Electronic Dance Music Gear Buying Guide

EDM Production Gear for the Home Studio

Quietly building an underground fan base since disco's supposed death, electronic dance music built on its not-so-quiet resurgence and is now an integral part of mainstream music. While EDM has been taking the world by storm, the genre has caught some flack from the 'old guard' of music. Perhaps a DJ isn't as musically involved as a brooding guitarist on stage, but the real genius behind EDM is the talent and effort that goes into crafting songs in the studio, where EDM artists meticulously sculpt sonic textures into tightly packed compositions.

Want a piece of the action? Follow this buying guide, and find the gear you need for your own EDM production setup!
DAWs: Recording and Sequencing Software
At the center of your EDM production rig is your digital audio workstation (DAW) software running on your Mac or PC. This is where you arrange your tracks and compose your music. Each DAW comes with its own array of recording, editing, sequencing and sound processing tools, and can also host third-party "plug-in" applications, extending the capabilities of the software.

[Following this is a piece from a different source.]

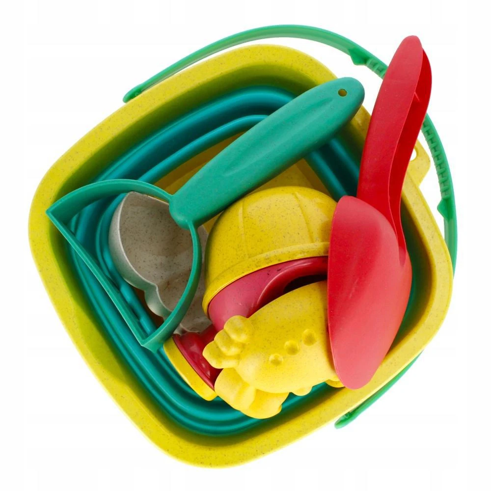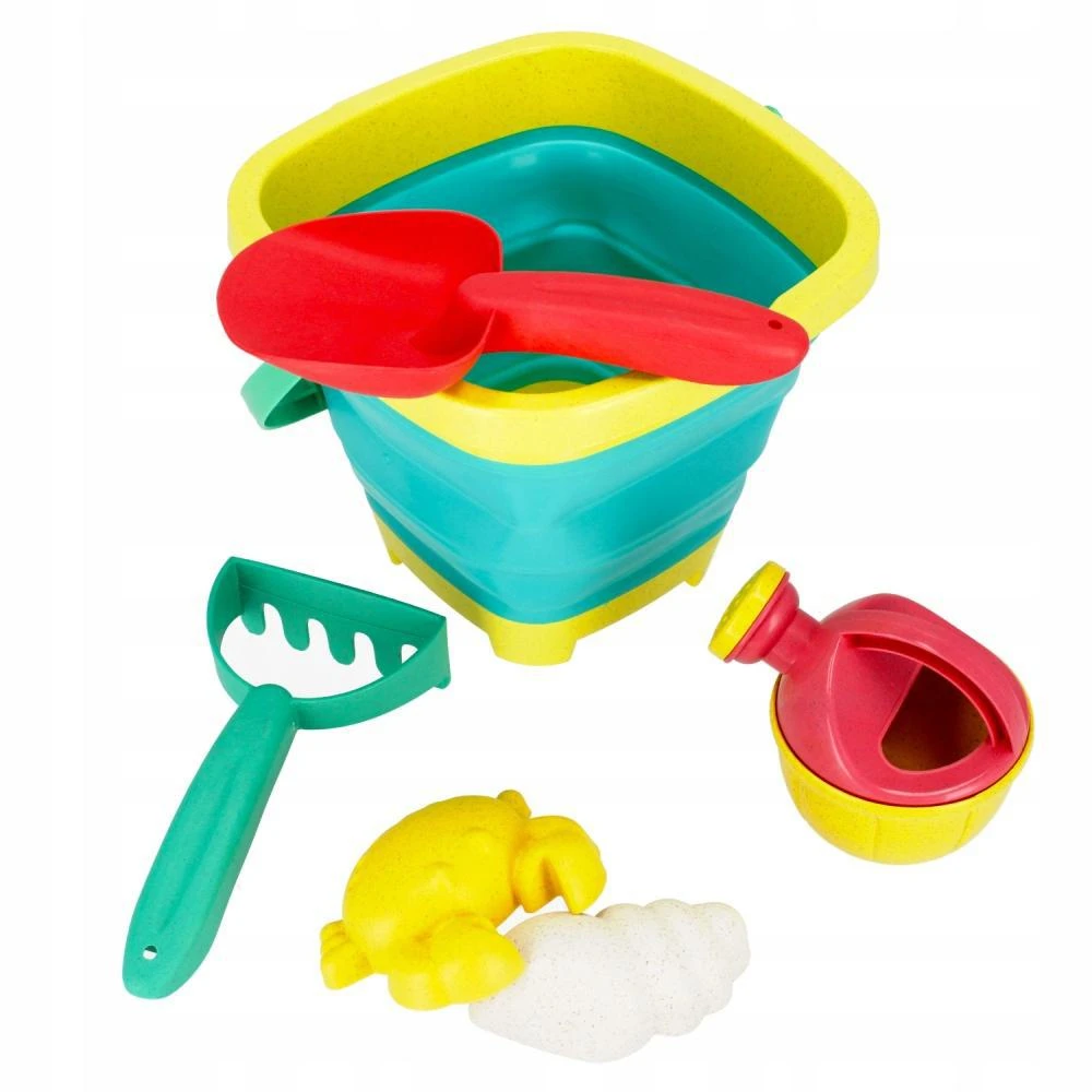 Obsah sady: skládací kyblík, konička, hrábě, lopatka, 2x formička.

It's important to note that all DAWs "sound" pretty much the same, since they're simply a means of capturing and playing back digital data. What differentiates one DAW from another is its specific workflow and features. Choose a DAW that suits your creative process. If you're doing a lot of loop-based composition, you'll want a DAW with a non-linear workflow and solid time-stretching tools. If you're a classically trained musician, you may need a DAW that displays musical notation.

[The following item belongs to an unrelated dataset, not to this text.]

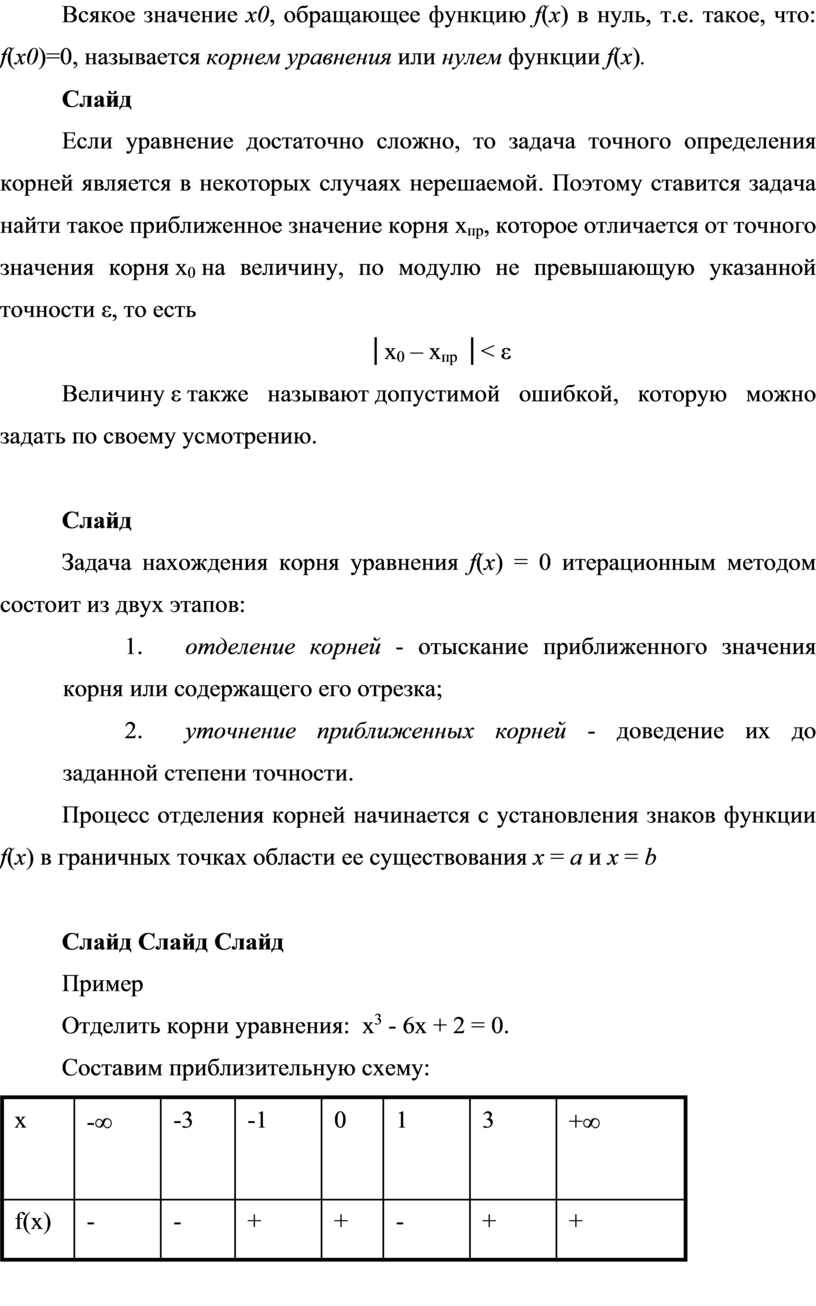 Если уравнение достаточно сложно, то задача точного определения корней является в некоторых случаях нерешаемой. Поэтому ставится задача найти такое приближенное значение корня xпр, которое отличается от точного значения корня x0 на величину, по модулю не превышающую указанной точности ε, то есть

Check out each of the software titles below to get a sense of how each DAW looks and feels. Once you've honed in on what works best for you, you can move on to choosing some third-party plugins that will help expand and customize your sound.
Audio Effects Plug-ins
Plug-ins are small add-on applications that can be "inserted" on tracks within your DAW. While your DAW will come with an array of sound editing and composition tools, these third-party applications can expand your sonic palette. You can't have too many!

Audio effects plug-ins can give you entirely new, experimental sounds, or emulate the classic outboard gear found in studios, like compressors, limiters, reverbs, and so on.
Virtual Instrument Plug-ins
Virtual instrument plug-ins give you the tools to create fully orchestrated compositions entirely "in the box." Sample-based virtual instruments -- such as Spectrasonics Stylus RMX Xpanded -- come with libraries of sampled sounds and loops you can trigger via MIDI. For more sophisticated sound-sculpting, software synthesizer virtual instruments like Spectrasonics Omnisphere 2 give you the tools to generate new sounds from scratch, and mangle samples into something new. Want to go bigger? A software suite like Native Instruments Komplete will stock your DAW with a huge library of sample-based virtual instruments and software synths, as well as audio effects plug-ins.

Your virtual instruments are driven by MIDI data that you sequence in your DAW. Sure, you could build beats by entering notes one by one on the grid. But if you want to play your virtual instruments in real time, a MIDI controller is the way to go.
MIDI Controllers: Keyboards and Drum Pads
If you're producing electronic dance music, you'll likely be spending a lot of time with your MIDI controller -- so the way it feels under your hands is important! Pianists will appreciate semi-weighted keys, but some artists prefer springier "synth-action" keys. For experienced keyboardists, we recommend a keyboard MIDI controller with at least 49 keys, so you can comfortably play two-handed.

Ableton producers will get the most mileage out of a pad controller made for Ableton Live, like the Ableton Push controller. If you need a simpler pad MIDI controller for laying down drum grooves, try the PreSonus Atom.
Groovebox-Style Hardware and Drum Machines
The Native Instruments Maschine MK3 and the Akai Force gives you a touchscreen, velocity-sensitive illuminated drum pads, knobs, and transport controls -- along with powerful sequencing software for your host computer, and extensive sample libraries. With these groovebox-style hardware/software setups, you won't even need separate DAW software -- although you can also run Maschine or MPC as a plug-in within your DAW.

Modern drum machines like the Roland TR-8S deliver even more hands-on beat-making bliss. The TR-8S generates fat virtual-analog synth-drum sounds, and outputs 14 channels of audio over USB for integration with your DAW. Another super-modern groovebox, the Korg Electribe lets you create complex 16-part patterns with its 400 built-in sounds -- drums, basses and leads -- with hands-on control over those cool Korg effects with the Kaoss-style touchpad. The Electribe even export your sequences as Ableton Live Sets.
Audio Interfaces
A robust audio interface is a must if you're planning on recording any analog sound sources -- such as vocals through an XLR microphone, or a 1/4" output from a guitar. And the interface you choose will have a definite impact on your sound. That's why it's a good idea to invest in the best audio interface you can afford.

If you're doing EDM production with a lot of audio effects and virtual instruments, you're likely to run up against the limits of your computer's processing power. Universal Audio's Apollo series to the rescue: these audio interfaces' dedicated DSP chips are made to handle DSP-hungry UAD-2 plug-ins, taking the load off your host machine.